━━━━━ Records for processing

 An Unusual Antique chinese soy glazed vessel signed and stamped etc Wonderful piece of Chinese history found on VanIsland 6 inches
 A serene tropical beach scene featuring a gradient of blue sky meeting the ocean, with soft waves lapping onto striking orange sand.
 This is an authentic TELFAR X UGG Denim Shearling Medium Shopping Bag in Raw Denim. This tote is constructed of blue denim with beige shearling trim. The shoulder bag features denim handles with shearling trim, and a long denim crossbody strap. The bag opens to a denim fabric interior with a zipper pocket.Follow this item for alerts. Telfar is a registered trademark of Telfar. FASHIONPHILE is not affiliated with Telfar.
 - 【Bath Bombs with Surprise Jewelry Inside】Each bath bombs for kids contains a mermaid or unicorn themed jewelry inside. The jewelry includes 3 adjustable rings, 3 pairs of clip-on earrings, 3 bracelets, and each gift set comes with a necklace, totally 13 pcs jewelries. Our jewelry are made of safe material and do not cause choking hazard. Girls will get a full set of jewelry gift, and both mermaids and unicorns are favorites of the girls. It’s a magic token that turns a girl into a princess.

━━━━━━━━━━
━━━━━ Records for processing

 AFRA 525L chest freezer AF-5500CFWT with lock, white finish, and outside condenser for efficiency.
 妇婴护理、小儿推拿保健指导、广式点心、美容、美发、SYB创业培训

━━━━━━━━━━

_What this task involves_: Print exactly the lines above from the one with "AFRA 525L chest" to the one with "妇婴护理、小儿推拿保健指导、广式点心、美容、美发、SYB创业培训", including both.

_Solution to this exercise_:
 AFRA 525L chest freezer AF-5500CFWT with lock, white finish, and outside condenser for efficiency.
 妇婴护理、小儿推拿保健指导、广式点心、美容、美发、SYB创业培训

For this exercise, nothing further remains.